Basic Science and Pathogenesis.

Background: An imbalance between the production and clearance of amyloid beta (Aß) has emerged as a major cause of sporadic Alzheimer's disease (AD). Retinal wholemount studies can identify cell-specific involvement in Aß clearance mechanisms which cannot be accomplished in the brain ex vivo.

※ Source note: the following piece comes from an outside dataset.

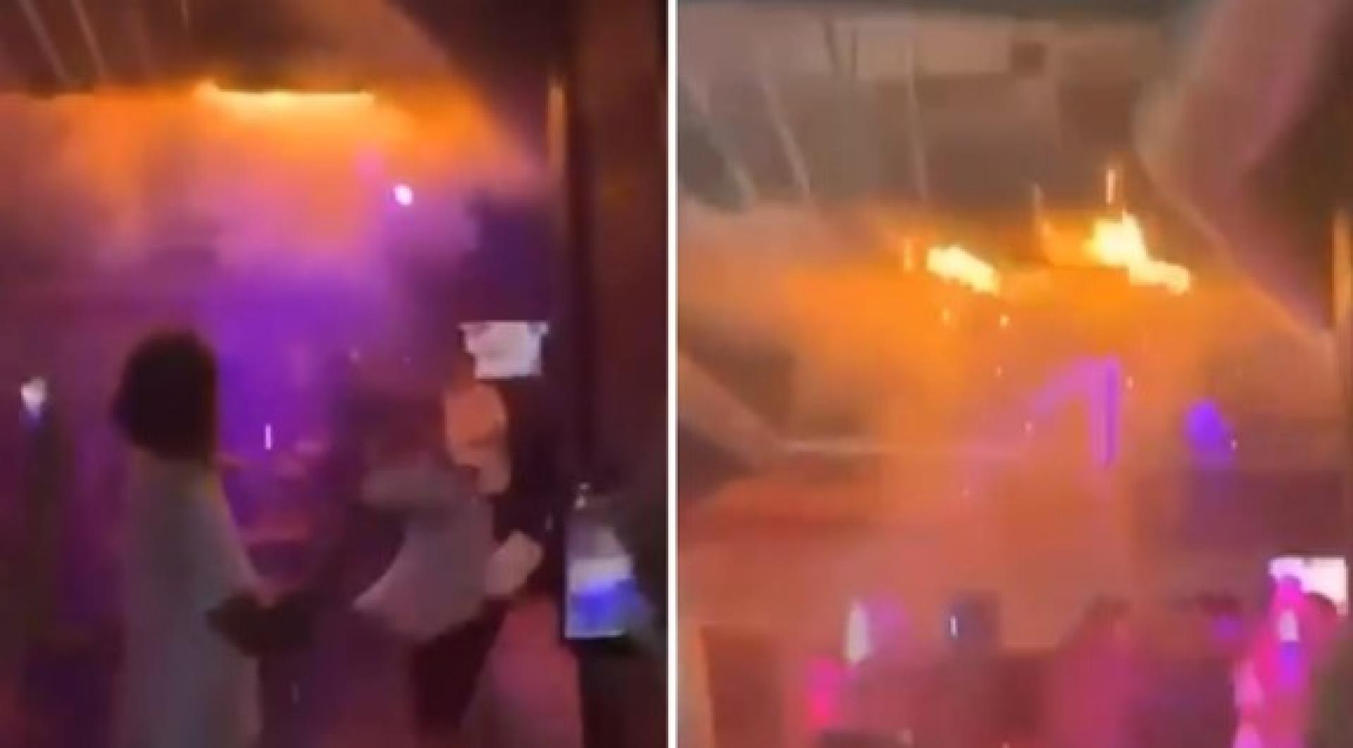 社媒上流传的影片显时当场有人试图灭掉天花板的火。 事发当晚,酒吧内挤满年轻人,年龄多半介于15至20岁之间。一名目击者形容,“派对当时正热闹,音乐超嗨,香槟一直开”,并且看到女服务生将插有点燃仙女棒的酒瓶举向天花板。

Methods: Eye cross-sections of double transgenic (Tg, APP-PS1) and non-carrier sibling female mice (n = 16, 4 per group) at 3- and 9- month ages were probed with antibodies 6E10 (Aβ1-16 amino-acid residues, soluble and insoluble species), ionized calcium-binding adapter molecule 1 (IBA1, microglia/macrophage), glial fibrillary acidic protein (GFAP, astrocytes), glutamine synthetase (GS, Müller cells) and aquaporin-4 (AQP4, membrane water channel) using immunofluorescence. Wholemount neuroretinas of human AD (n = 10, mean age = 76.8, 6 females) and control (n = 10, 72.5, 5 females) donor eyes were probed with antibodies 12F4 (Aß1-42 amino-acid residues, misfolded oligomers), IBA1, GFAP, GS, AQP4 and Ulex europaeus agglutinin (UEA-l, vascular endothelium). Finally, a nanobody (soluble Aß oligomer against human Aβ1-42 peptide) conjugated with near-infrared dye (NIR-E3) was probed with 12F4 using a nanobody staining protocol in wholemount retinas.

Results: In eye cross-sections, a significant increase in 6E10, IBA1, GFAP and AQP4 was found in the older vs. younger Tg mice, suggesting Aβ accumulation resulted in gliosis and AQP4 mislocalization. In contrast, a significant reduction for 6E10 in the older vs. younger non-carrier siblings, suggests the existence of an effective Aβ clearance mechanism (e.g., macrophages and glymphatic drainage) as IBA1 and AQP4 levels were increased. In wholemount neuroretinas, macroglia degenerations (GFAP, GS and AQP4) which form the inner limiting membrane were prominent in human AD eyes, suggesting defective ocular glymphatic systems. The microglia phenotype was different from its resting stage in AD eyes, however, due to complexity of IBA1 positive resident microglia, and macrophages including monocytes, perivascular macrophages, pericytes and hyalocytes, it is difficult to define microglia phenotype, particularly activated and ameboid types between AD and control eyes. Interestingly, NIR-E3 positive perivascular macrophages (but negative to 12F4), indicating soluble Aβ clearance were predominantly found within the blood vessels of control donor eyes.

Conclusion: This study confirms the existence of different impaired clearance mechanisms in human AD eyes.